Les fuyards hôteliers

Le client de la chambre 4 est venu régler leur note hier après-midi. Le voyant descendre avec des valises, j’ai cru qu’ils partaient plus tôt que prévu, mais non. Il n’y a que lui qui partait et il réglait tout le séjour par avance. Il voulait y ajouter quelques centaines (?) d’euros « pour les frais annexes ». J’ai refusé de l’argent ne correspondant à aucune facture.

J’ai suffisamment de bouteille dans le métier pour avoir vu ça à plusieurs reprises : un plaquage brutal, un départ en catimini pendant que l’autre est occupé ailleurs, en l’occurrence la partie de pétanque très animée que j’entendais depuis le hall et qu’il entendait forcément aussi. La conviction d’être très élégant parce qu’on a sorti le portefeuille, comme si ça pouvait compenser la lâcheté de ne pas affronter la réaction de la compagne ou du compagnon qu’on abandonne.

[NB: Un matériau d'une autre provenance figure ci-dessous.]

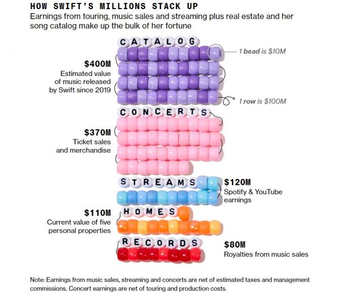 «Εκτός από ταλέντο, η Τέιλορ Σουίφτ είναι και σπουδαία οικονομολόγος», δήλωσε η Κάρολιν Σλόαν, οικονομολόγος στο Πανεπιστήμιο του Σικάγο. «Η Τέιλορ έχει σπουδαίες ιδέες, είναι σε θέση να τις κάνει πράξη και φαίνεται να είναι αρκετά ριψοκίνδυνη». Ενώ οι εκτιμήσεις για τα κέρδη της περιοδείας Eras αφθονούν, η ανάλυση του Bloomberg είναι συντηρητική και βασίζεται μόνο σε περιουσιακά στοιχεία και κέρδη που μπορούσαν να επιβεβαιωθούν ή να εντοπιστούν από δημοσιευμένα στοιχεία. Ο υπολογισμός έλαβε υπόψη τα εξής: την εκτιμώμενη αξία του μουσικού της καταλόγου και των πέντε σπιτιών της, καθώς και τα κέρδη από συμφωνίες streaming, πωλήσεις μουσικής, εισιτήρια συναυλιών και εμπορεύματα. Οι εκτιμήσεις συνυπολογίζουν τον αντίκτυπο του φόρου εισοδήματος, τα έξοδα παραγωγής και ταξιδιών της περιοδείας και τις προμήθειες που καταβάλλονται σε μάνατζερ και ατζέντηδες.

Je les connais par cœur, les fuyards hôteliers aux grandes largesses, des hommes le plus souvent. Les femmes partent plus volontiers sur une dispute qu’elles ont plus ou moins consciemment provoquée. Il a dû laisser un mot sur l’oreiller, une enveloppe pleine de mots plus ou moins beaux selon le talent racontant à quel point elle a été importante pour lui, qu’elle est une femme formidable, qu’il ne l’oubliera jamais. En ville, ils font aussi livrer des fleurs ou des bijoux ou autres babioles selon le standing, mais au fond c’est la même chose : un solde de tout compte. Les pires ajoutent dans leur message d’adieu qu’ils aimeront toujours le jouet dont ils se sont lassés, gardant le lien bien serré autour de l’autre, attaché au piquet du souvenir d’un amour tragique.

J’en ai vu se terrer des jours entiers ou débarquer leur lettre à la main, hagardes, en quête de quelqu’un qui leur dirait que tout cela n’est qu’une mauvaise blague. J’en ai vu des poignées. Natacha, comme les autres, cherchera à s’expliquer ce qu’elle a bien pu faire pour qu’un homme si aimant la quitte malgré tout, la quitte sans le lui dire en face.

J’espère pour Natacha que ça ne touchera pas d’autres cordes déjà fragiles qui risqueraient de se rompre. J’espère qu’elle choisira le chemin de la colère, au moins le temps de se redresser. Je le suis en tout cas : en colère pour elle, pour elles.